Exercise data START

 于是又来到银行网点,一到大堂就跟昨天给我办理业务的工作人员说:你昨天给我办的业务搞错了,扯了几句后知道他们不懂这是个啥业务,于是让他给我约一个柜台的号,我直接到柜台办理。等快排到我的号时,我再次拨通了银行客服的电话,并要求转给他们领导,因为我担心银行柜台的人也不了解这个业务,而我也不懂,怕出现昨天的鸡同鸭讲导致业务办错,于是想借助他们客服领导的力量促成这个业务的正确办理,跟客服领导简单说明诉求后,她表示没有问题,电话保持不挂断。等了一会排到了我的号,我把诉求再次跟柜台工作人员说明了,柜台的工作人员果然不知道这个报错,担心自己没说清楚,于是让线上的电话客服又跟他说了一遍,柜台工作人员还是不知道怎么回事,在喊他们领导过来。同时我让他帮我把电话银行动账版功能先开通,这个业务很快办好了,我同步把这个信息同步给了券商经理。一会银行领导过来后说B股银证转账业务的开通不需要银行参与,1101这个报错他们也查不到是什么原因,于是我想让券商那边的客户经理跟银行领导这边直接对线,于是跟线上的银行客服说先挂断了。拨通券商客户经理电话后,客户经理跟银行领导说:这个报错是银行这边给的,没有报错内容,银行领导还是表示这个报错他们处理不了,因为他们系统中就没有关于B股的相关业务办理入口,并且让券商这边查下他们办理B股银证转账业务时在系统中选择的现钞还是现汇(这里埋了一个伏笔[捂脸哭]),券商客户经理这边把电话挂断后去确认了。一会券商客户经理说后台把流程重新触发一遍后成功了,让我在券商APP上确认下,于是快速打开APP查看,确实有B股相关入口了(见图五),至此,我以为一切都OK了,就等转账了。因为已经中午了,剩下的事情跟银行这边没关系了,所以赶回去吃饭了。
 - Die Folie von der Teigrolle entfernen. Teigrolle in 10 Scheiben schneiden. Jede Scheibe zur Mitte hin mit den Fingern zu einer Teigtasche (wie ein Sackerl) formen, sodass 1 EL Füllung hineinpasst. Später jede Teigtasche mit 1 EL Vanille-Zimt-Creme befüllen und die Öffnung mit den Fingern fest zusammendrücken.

Exercise data END
Exercise data START

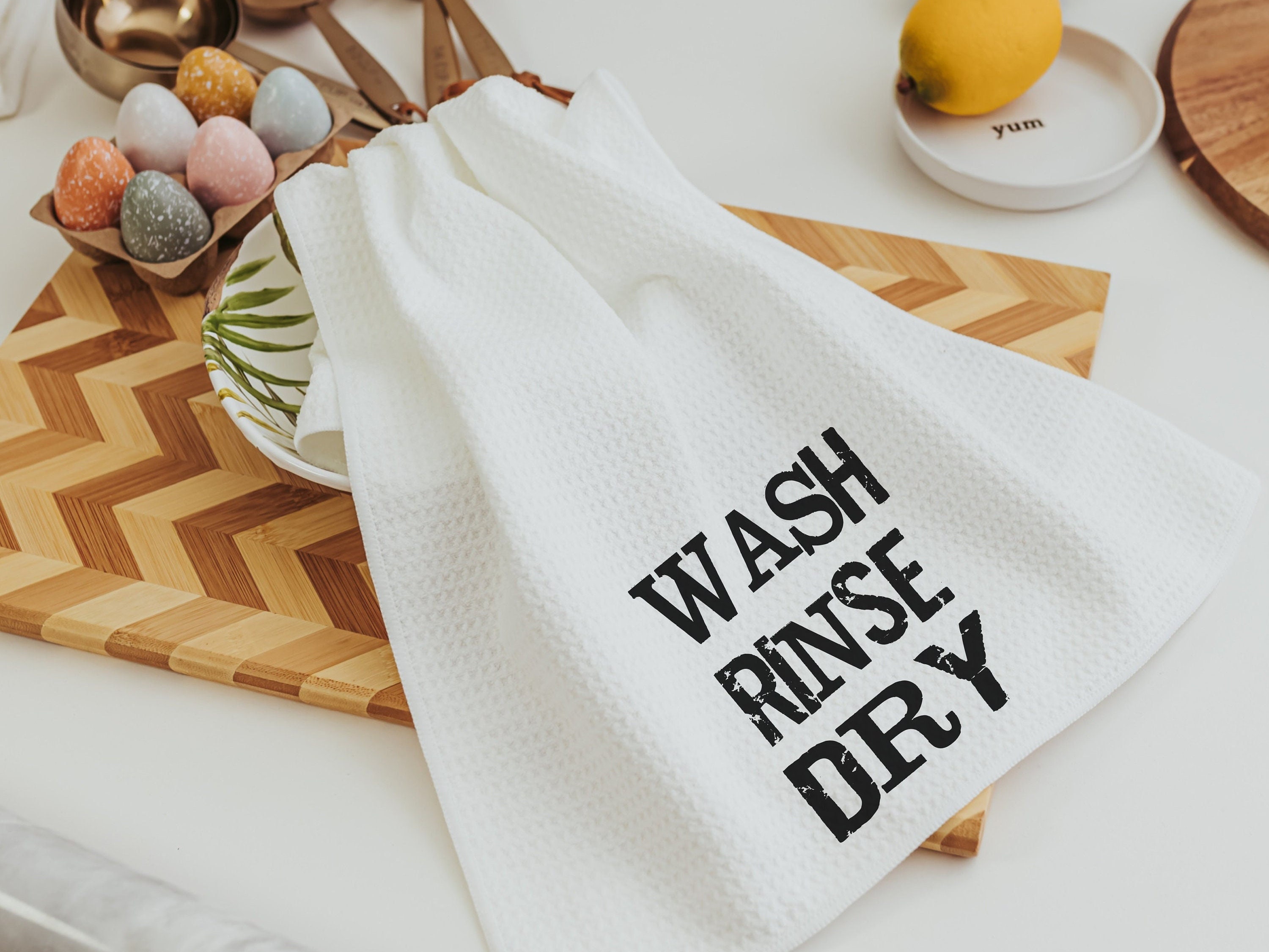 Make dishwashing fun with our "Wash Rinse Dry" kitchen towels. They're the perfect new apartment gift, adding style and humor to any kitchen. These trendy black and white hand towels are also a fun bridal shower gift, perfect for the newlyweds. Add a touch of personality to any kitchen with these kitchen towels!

Exercise data END

**Work task:** Reproducing the whole listing above is not the task. Copy exactly only the lines from the one with "于是又来到银行网点,一到大堂" to the one with "- Die Folie", both kept.

**Task result:**
 于是又来到银行网点,一到大堂就跟昨天给我办理业务的工作人员说:你昨天给我办的业务搞错了,扯了几句后知道他们不懂这是个啥业务,于是让他给我约一个柜台的号,我直接到柜台办理。等快排到我的号时,我再次拨通了银行客服的电话,并要求转给他们领导,因为我担心银行柜台的人也不了解这个业务,而我也不懂,怕出现昨天的鸡同鸭讲导致业务办错,于是想借助他们客服领导的力量促成这个业务的正确办理,跟客服领导简单说明诉求后,她表示没有问题,电话保持不挂断。等了一会排到了我的号,我把诉求再次跟柜台工作人员说明了,柜台的工作人员果然不知道这个报错,担心自己没说清楚,于是让线上的电话客服又跟他说了一遍,柜台工作人员还是不知道怎么回事,在喊他们领导过来。同时我让他帮我把电话银行动账版功能先开通,这个业务很快办好了,我同步把这个信息同步给了券商经理。一会银行领导过来后说B股银证转账业务的开通不需要银行参与,1101这个报错他们也查不到是什么原因,于是我想让券商那边的客户经理跟银行领导这边直接对线,于是跟线上的银行客服说先挂断了。拨通券商客户经理电话后,客户经理跟银行领导说:这个报错是银行这边给的,没有报错内容,银行领导还是表示这个报错他们处理不了,因为他们系统中就没有关于B股的相关业务办理入口,并且让券商这边查下他们办理B股银证转账业务时在系统中选择的现钞还是现汇(这里埋了一个伏笔[捂脸哭]),券商客户经理这边把电话挂断后去确认了。一会券商客户经理说后台把流程重新触发一遍后成功了,让我在券商APP上确认下,于是快速打开APP查看,确实有B股相关入口了(见图五),至此,我以为一切都OK了,就等转账了。因为已经中午了,剩下的事情跟银行这边没关系了,所以赶回去吃饭了。
 - Die Folie von der Teigrolle entfernen. Teigrolle in 10 Scheiben schneiden. Jede Scheibe zur Mitte hin mit den Fingern zu einer Teigtasche (wie ein Sackerl) formen, sodass 1 EL Füllung hineinpasst. Später jede Teigtasche mit 1 EL Vanille-Zimt-Creme befüllen und die Öffnung mit den Fingern fest zusammendrücken.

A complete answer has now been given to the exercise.